How to implement wavelet transform

Discrete Wavelet Transform (DWT) has a number of applications in engineering and science. Most notably, it is used for signal coding, to represent a discrete signal in a more redundant form, often as a precondition for data compression. The code below is an ideal candidate for pipelining. The read-source and the write-target are two different arrays. In other words, there is no logical dependency between the two arrays.
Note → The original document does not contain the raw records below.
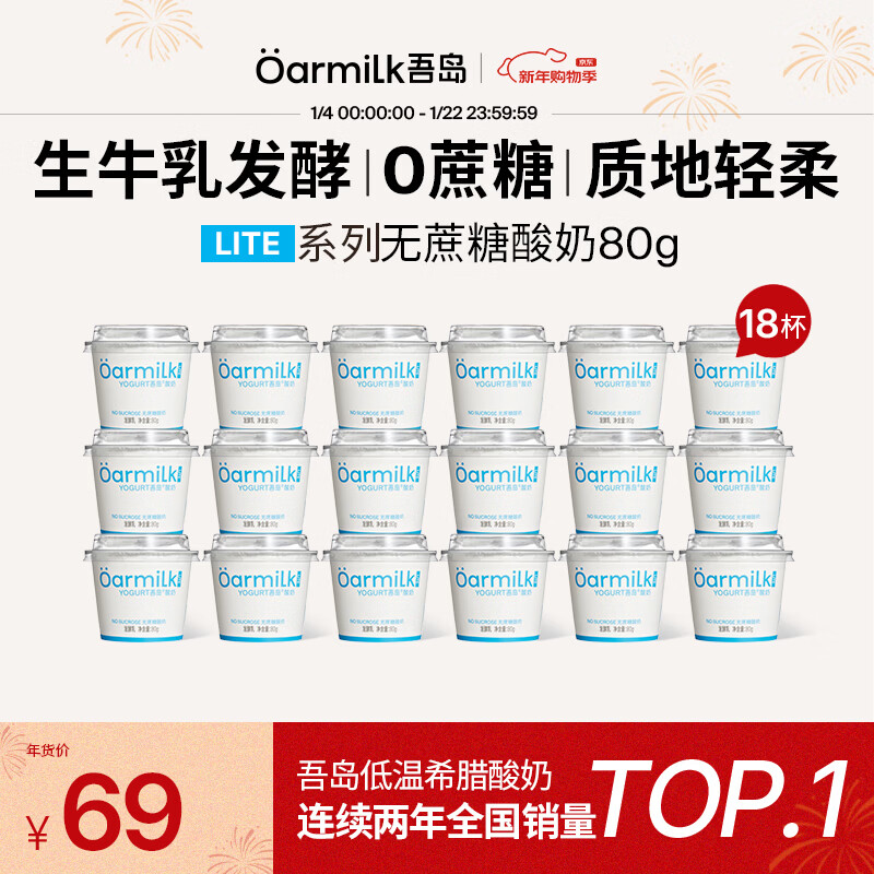 OarmiLk吾岛酸奶0蔗糖低糖多口味6种有益菌生牛乳发酵低温酸奶早餐代餐 无蔗糖酸奶80g(lite系列) 18杯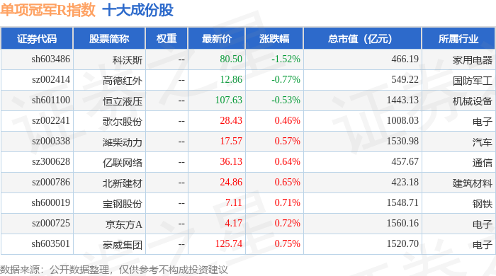 近10日内单项冠军R(480150)指数成份股做了调整,新纳入了5只股票,剔除了5只股票。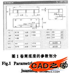 現以起重機的卷簡底座為例,簡單介紹一下本方法的應用。分析卷筒底座的結構特征,建立參數輸入窗口如圖1所示。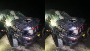 El motociclista perdió la vida tras el fuerte impacto que dejó la unidad menor totalmente calcinada, el conductor de la camioneta también resultó herido.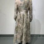 Designed with a classic round neckline and long sleeves, this midi-length dress offers a graceful, modest silhouette. The clean lines and all-over floral texture make it suitable for formal occasions or as part of a custom fashion collection. Understated yet refined, it’s a beautiful blend of craftsmanship and elegance.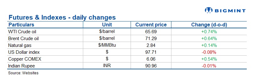 Warehouse inventory trends were mixed. Aluminium stocks decreased 0.42% to 469,550 t, while nickel inventories edged up 0.17% to 287,808 t and zinc stocks fell 1.41% to 99,825 t. Meanwhile, copper inventories rose 2.66% to 249,650 t, whereas lead stocks declined marginally by 0.01% to 286,300 t.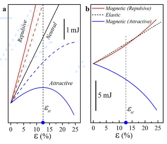 Numerically obtained dependencies of the energy of the unit cell on the applied strain . (a) Total energy vs. for various configurations of magnets. Solid lines correspond to the magnets with , dashed lines to the magnets with . (b) Magnetic energy for repulsive configuration (red), attractive configuration (blue), and elastic energy for neutral configuration (dashed). Note that all energy curves are shifted vertically to have a (0, 0) origin.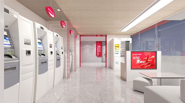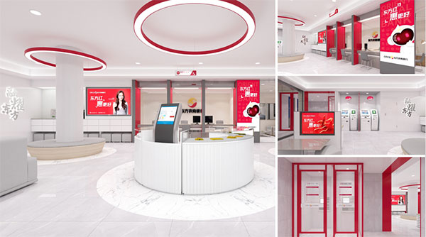 除此之外,項(xiàng)目組在為東方農(nóng)商銀行進(jìn)行營業(yè)空間設(shè)計(jì)時,還在設(shè)計(jì)中深度植入品牌色彩與IP形象,能夠給客戶留下深刻的品牌印象的同時,也有效區(qū)別于其他金融機(jī)構(gòu)。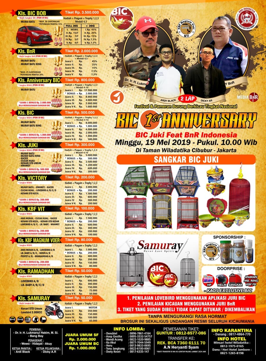 Anniversary 1st BIC + Add to Google Calendar + iCal export Tags: Bird Contest, BNR Award, Branjangan, breeding, Colibri, Cucak Hijau, Cucak Jenggot, Dunia burung, Dunia Kicau, Hobi Burung, Jadwal Lomba, jalak suren Date 19 May 2019 Time 10:00 - 21:00 More Info Read More Share this event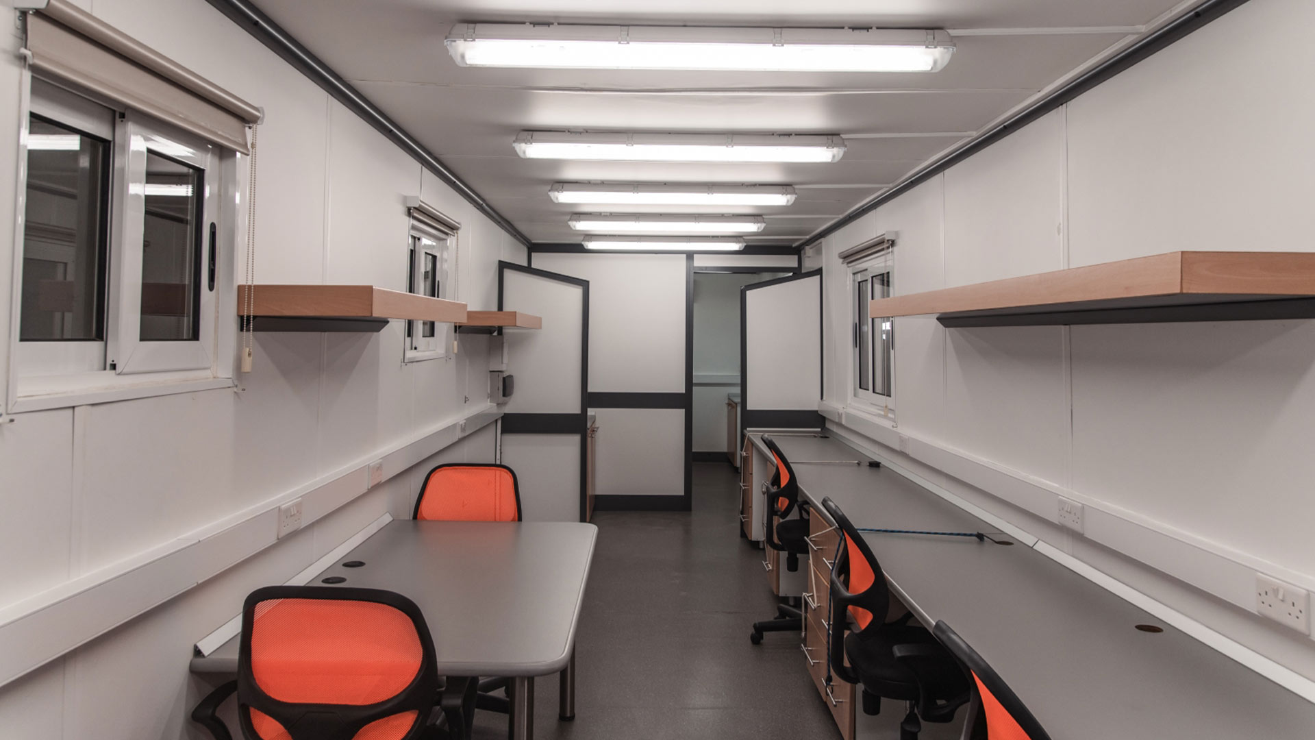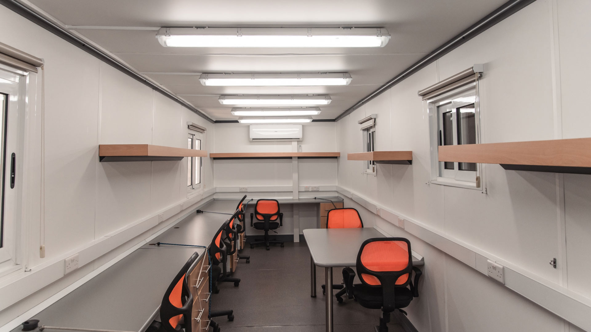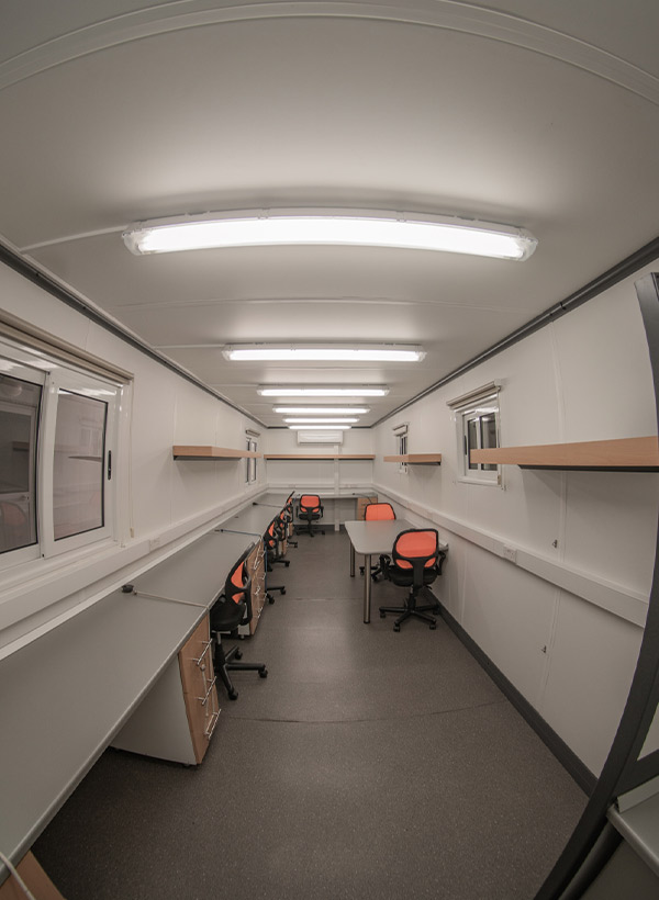 The Artic 9-Position Production Office provides a professional, comfortable, and fully functional working environment for film, TV, and event crews operating on location. Designed to support production managers, coordinators, script supervisors, and admin teams, this mobile office includes nine ergonomic workstations, multiple power points, strong lighting, shelving, and efficient air-conditioning throughout.

This means that every cycle one result word will be written to the output buffer.
The Haar wavelet:

 int wavelet_transform(unsigned int* input, unsigned int* output,unsigned int length)  {
    //This function assumes input.length=2^n, n>1
    for (unsigned int len = length >> 1; len > 1 ; len >>= 1) {
        //length=2^n, WITH DECREASING n
        for (unsigned int i = 0; i < len; i++) {
            unsigned int sum = input[i*2]+input[i*2+1];
            unsigned int difference = input[i*2]-input[i*2+1];
            output[i] = sum;
            output[len+i] = difference;
        }
    }
}

How to implement color conversion

There are multiple color representation models. YUV and RGBA are both very popular color models. The ability to convert from one format to another is needed by image and video compressors and display systems. The code below converts from YUV to RGB and it is taken from the libOil software package. The Y,U, and V values are read from three arrays and the RGB values are stored into a single array. The verilog design will create one or more memory ports, depending on your hardware configuration, for each one of the arrays.
In each loop iteration there are several multiplication operations. These operations will be pipelined. They will be executed one after the other, one cycle apart. The multiplication latency is decided by the ALU latency. Multiple ALU units can increase the size of the design but can reduce the time necessary to complete the arithmetic operations.

#define YUV_TO_R_INT(y,u,v) (((y)*256 + 358*((v)-128))>>8)
#define YUV_TO_G_INT(y,u,v) (((y)*256 - 88*((u)-128) - 183*((v)-128))>>8)
#define YUV_TO_B_INT(y,u,v) (((y)*256 + 454*((u)-128))>>8)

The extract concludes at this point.